Transcribe the listing below word for word but skip its images.

GIVEN DATA:

──────────────────────────────

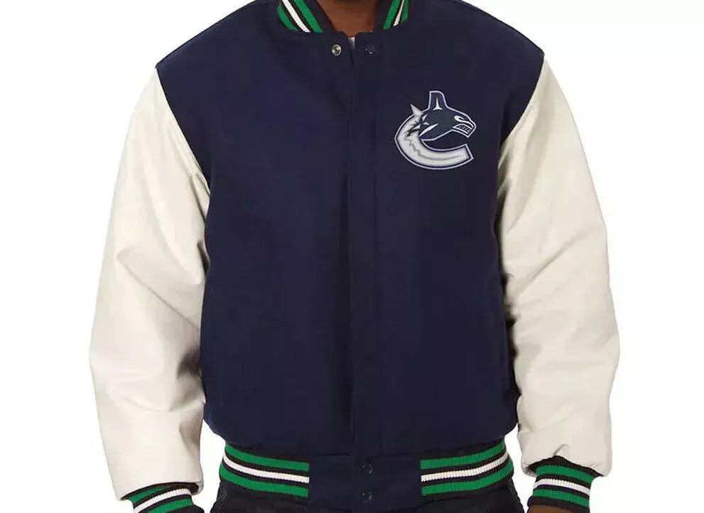 Rep your Vancouver Canucks pride with this Navy and White Letterman Varsity Jacket. Featuring a classic navy wool body and white leather sleeves, this jacket delivers a timeless varsity look. The embroidered Canucks logo adds authenticity and team spirit, while the ribbed cuffs, collar, and waistband ensure a comfortable, secure fit. Whether you're at the game, hanging out with friends, or adding to your collection, this jacket is a must-have for every true Canucks fan."
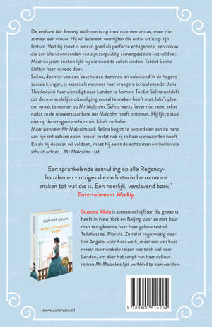 Maar wanneer Mr. Malcolm ook Selina begint te beoordelen aan de hand van zijn onhaalbare eisen, besluit ze dat zij ook zo haar voorwaarden heeft. En als hij daaraan wil voldoen, moet hij eerst eens de echte man onthullen die schuilt achter… Mr. Malcolm’s lijst.
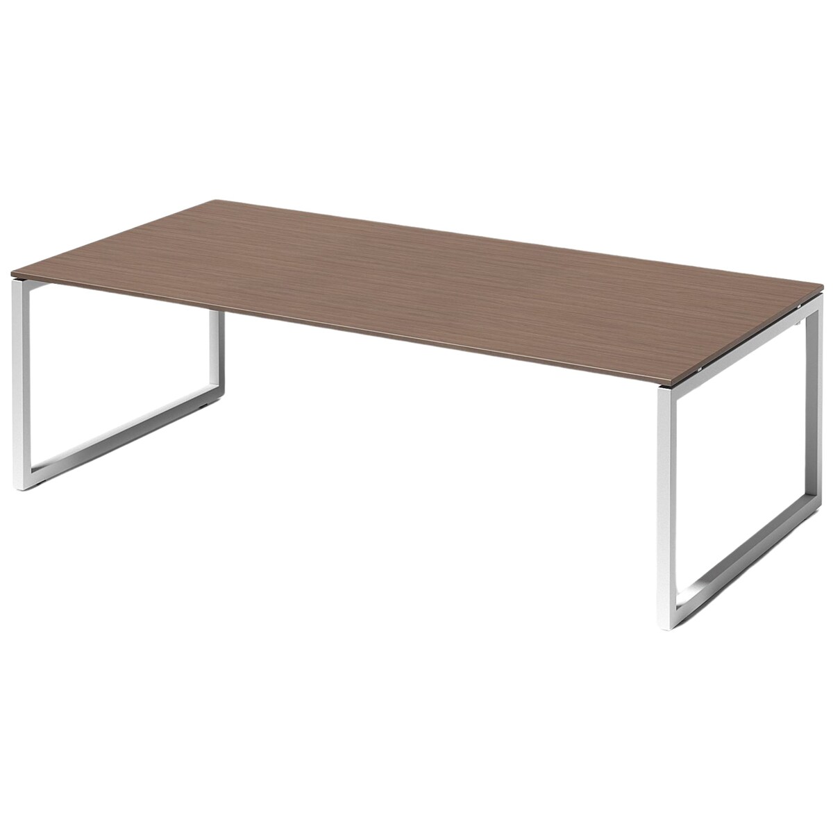 Bisley Cito Konferenztisch 240x120 cm, Tischplatte in Nussbaum, O-Gestell in Weiß - Besprechungstisch & Meetingtisch, großer Chef Schreibtisch

──────────────────────────────

WRITTEN RESPONSE:
 Rep your Vancouver Canucks pride with this Navy and White Letterman Varsity Jacket. Featuring a classic navy wool body and white leather sleeves, this jacket delivers a timeless varsity look. The embroidered Canucks logo adds authenticity and team spirit, while the ribbed cuffs, collar, and waistband ensure a comfortable, secure fit. Whether you're at the game, hanging out with friends, or adding to your collection, this jacket is a must-have for every true Canucks fan."
 Maar wanneer Mr. Malcolm ook Selina begint te beoordelen aan de hand van zijn onhaalbare eisen, besluit ze dat zij ook zo haar voorwaarden heeft. En als hij daaraan wil voldoen, moet hij eerst eens de echte man onthullen die schuilt achter… Mr. Malcolm’s lijst.
 Bisley Cito Konferenztisch 240x120 cm, Tischplatte in Nussbaum, O-Gestell in Weiß - Besprechungstisch & Meetingtisch, großer Chef Schreibtisch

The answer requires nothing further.